By the time the snub-nosed guy in the black car (bill collector) shows up at your door, harasses you and questions your neighbors, pressures your family members and becomes a constant (even if imagined) presence in your life, you know the day of reckoning is coming. Often this brings on physical signs such as stress, anxiety attacks and related health problems.

In fact, the Fair Debt Collection Practices Act (15 USC §1692) protects consumers from the most egregious kinds of debt collector practices. Bill collectors can contact you only between the hours of 8 a.m. and 9 p.m.; cannot contact you at work if they know your employer disapproves; may not harass, oppress or abuse you; may not lie when trying to collect a debt (such as falsely implying that you have committed a crime); must identify themselves over the phone; and must stop contacting you if you ask them in writing.

The full text of the law is available by going to the Credit Facts section at the web site for the National Foundation for Credit Counseling (www.nfcc.org).

For the typical debtor in crisis the next step might be called the "sell everything" stage. You scramble to find money…any amount. First to go is the little stuff like personal possessions, the new bedroom set and the kid's bikes. Then the second car. Finally the house goes on the market at a distressed price. You move in with relatives "just till we get on our feet". Then one day you see it…the TV commercial for a personal bankruptcy lawyer.

There are those who would report that bankruptcy was the best thing they ever did. It cleared the slate and gave them a chance to get a fresh start. More common, however, are those who are haunted by the decision years after the discharge of debt is wiped from their credit history. Words like "humiliating, shameful and disgusting" are not uncommon.

By law, a bankruptcy stays on your credit report for up to ten years. The stain lasts forever. Loss of self-worth and confidence are familiar side effects.

This is a "club" you don't want to join.

There are two main categories of bankruptcy available to individuals, each named after a section of the Code:

  • Chapter 7 Liquidation: Results in the sale and distribution of assets except those protected under state laws (which vary). The exempt property may include work-related tools, basic household furnishings, one automobile and other property. You can file for Chapter 7 only once in six years.

  • Chapter 13 Reorganization: Available to individuals who prove that they can no longer meet their obligations and who promise to pay as many creditors as possible from all available income rather than surrender property. Regular payments are made to a bankruptcy trustee to pay creditors over the life of the plan (usually 3 to 5 years).

A study by the Credit Research Center at Purdue University found that about one-third of consumers who filed for bankruptcy had obtained new lines of credit within three years of filing. Half had reestablished credit within five years. However, the new credit line may be at significantly higher rates and will probably be on a "secured" credit card where the amount you put down as collateral sets your borrowing limits.

Still, reestablishing a record of on-time payments--even on secured cards--and paying-off charges as they are incurred is the best way to show credit worthiness later.

It's broken--fix it

How do you prevent the slide into deep, punishing debt?
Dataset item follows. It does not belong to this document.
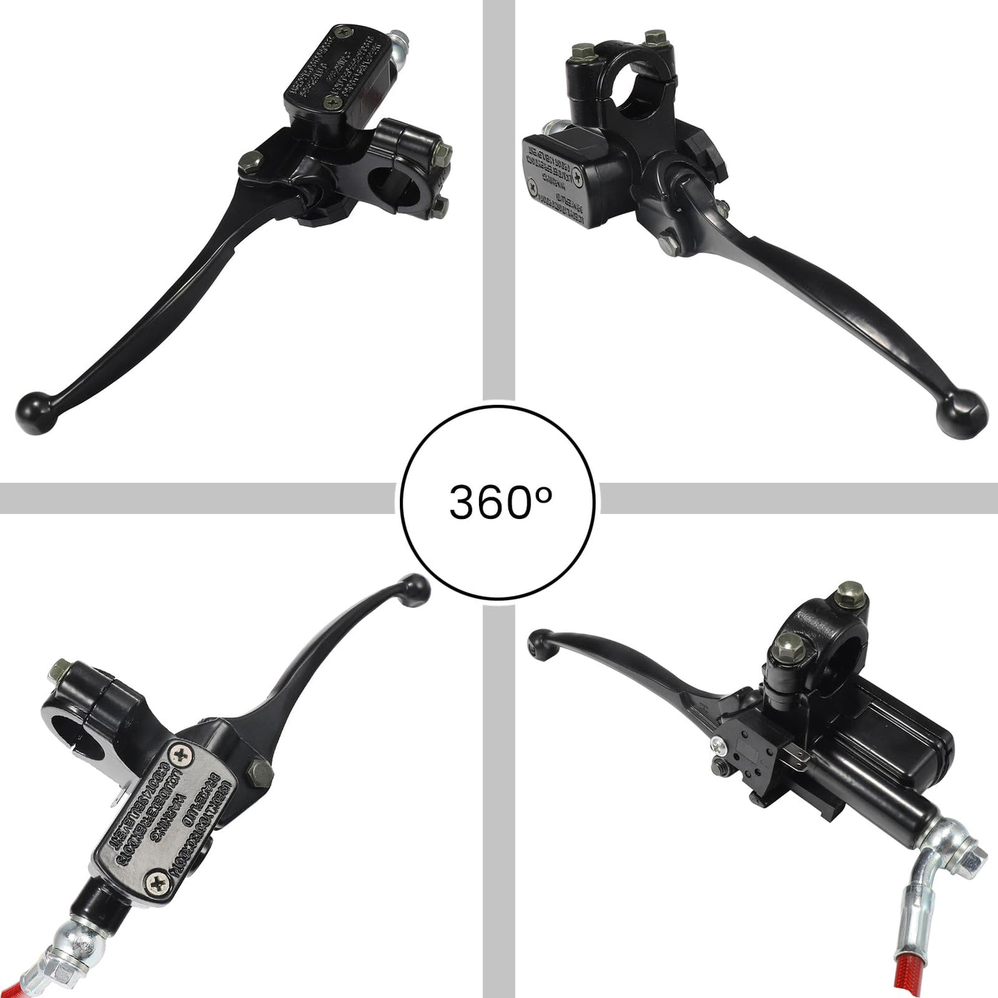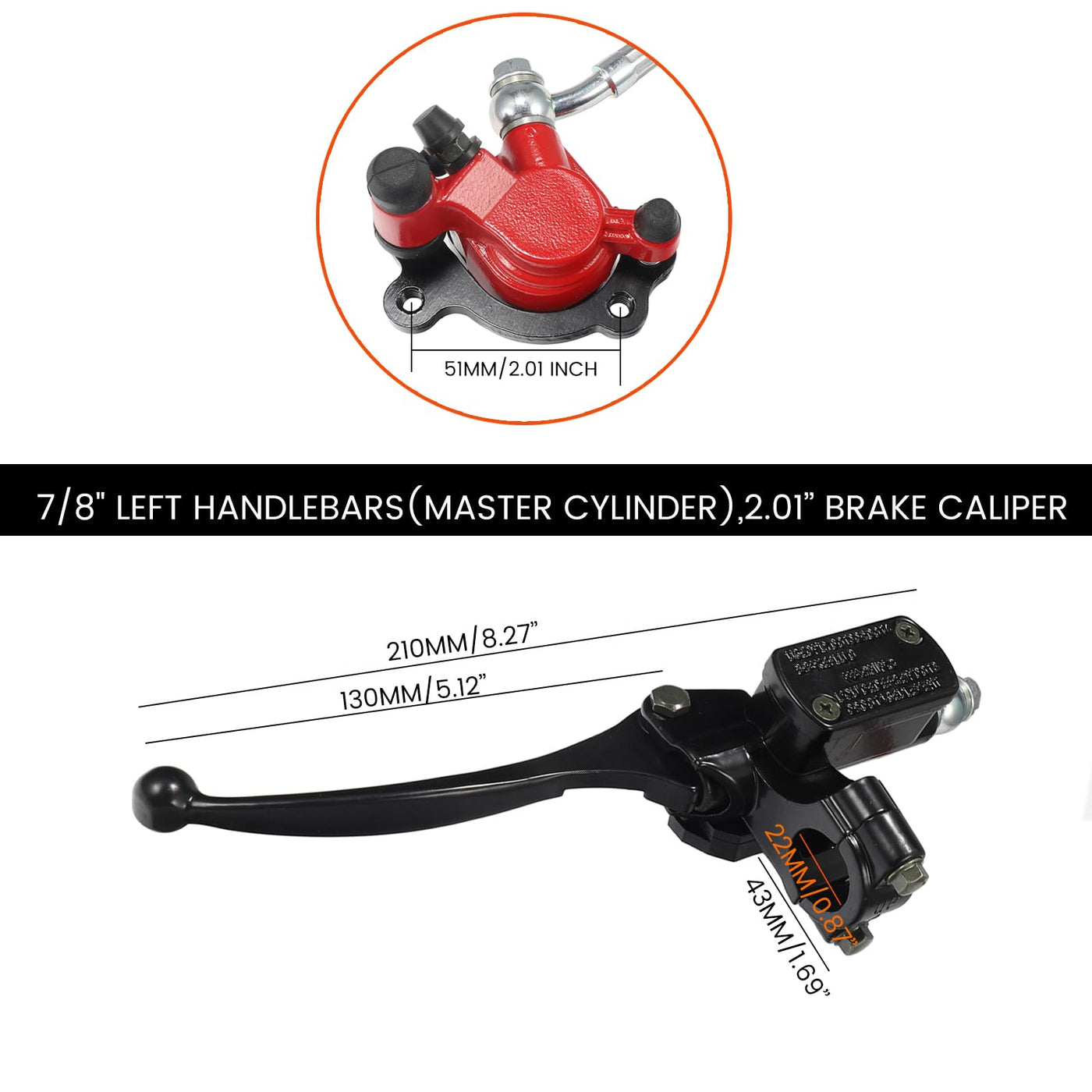 Q: What components are included in the hydraulic brake system kit?A: The kit includes a 7/8" left handlebars master cylinder, a 50 inch brake hose, a brake caliper, hose tube, brake pads, and an oil switch, providing everything needed for a complete installation.
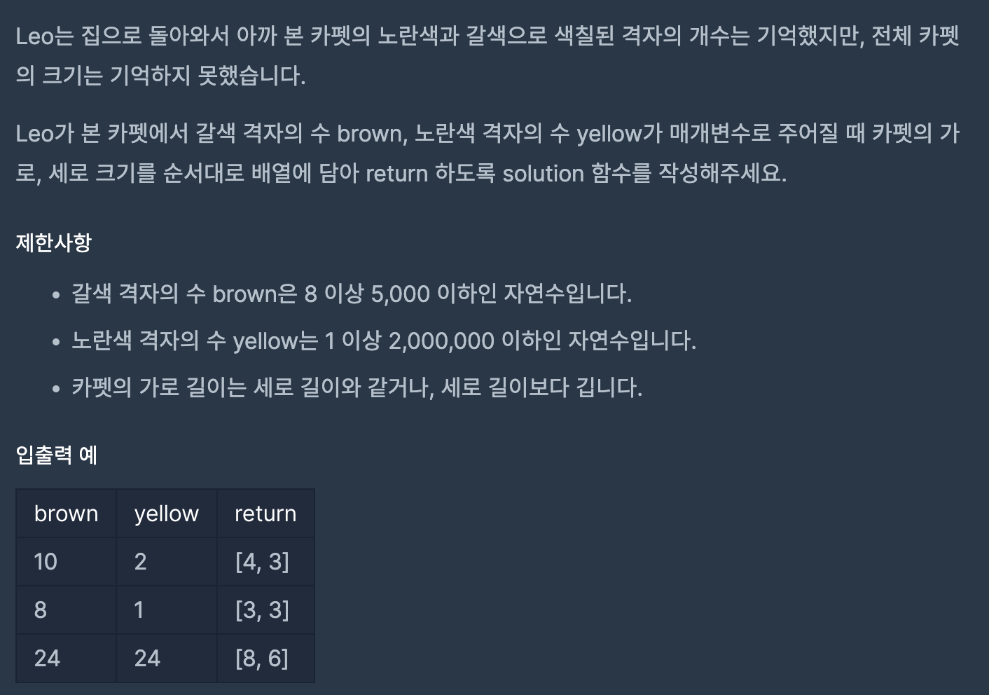 이것을 통과하고 (x - 2) * (y - 2) == yellow라면, 정답 길이를 찾은 것이다. 그러면 전체 카펫 가로 세로 길이인 [x, y]를 리턴해주면 된다.

If you feel yourself slipping start keeping a written record of every penny you spend and analyze the patterns that emerge. Cut-up those credit cards. Get help.

Contact your creditors. Let them know what's going on and inquire about lower minimum payments, lower rates of interest or a combination of the two. They'd rather get something from you than risk losing everything in a bankruptcy proceeding.

In searching for credit repair agencies it's okay to pay a small fee if the agency is going to help consolidate or negotiate all or part of your debt. But use common sense before shelling-out big up-front fees or agreeing to turn your entire paycheck over to someone who may do little more than you can do for yourself.

Whether it's through non-profit groups like Consumer Counseling Center or Debtors Anonymous, or fee-based assistance with a credit counselor. Develop a strategy for paying off each creditor (the highest-rate debt first) and gradually climb out of the hole you've dug for yourself.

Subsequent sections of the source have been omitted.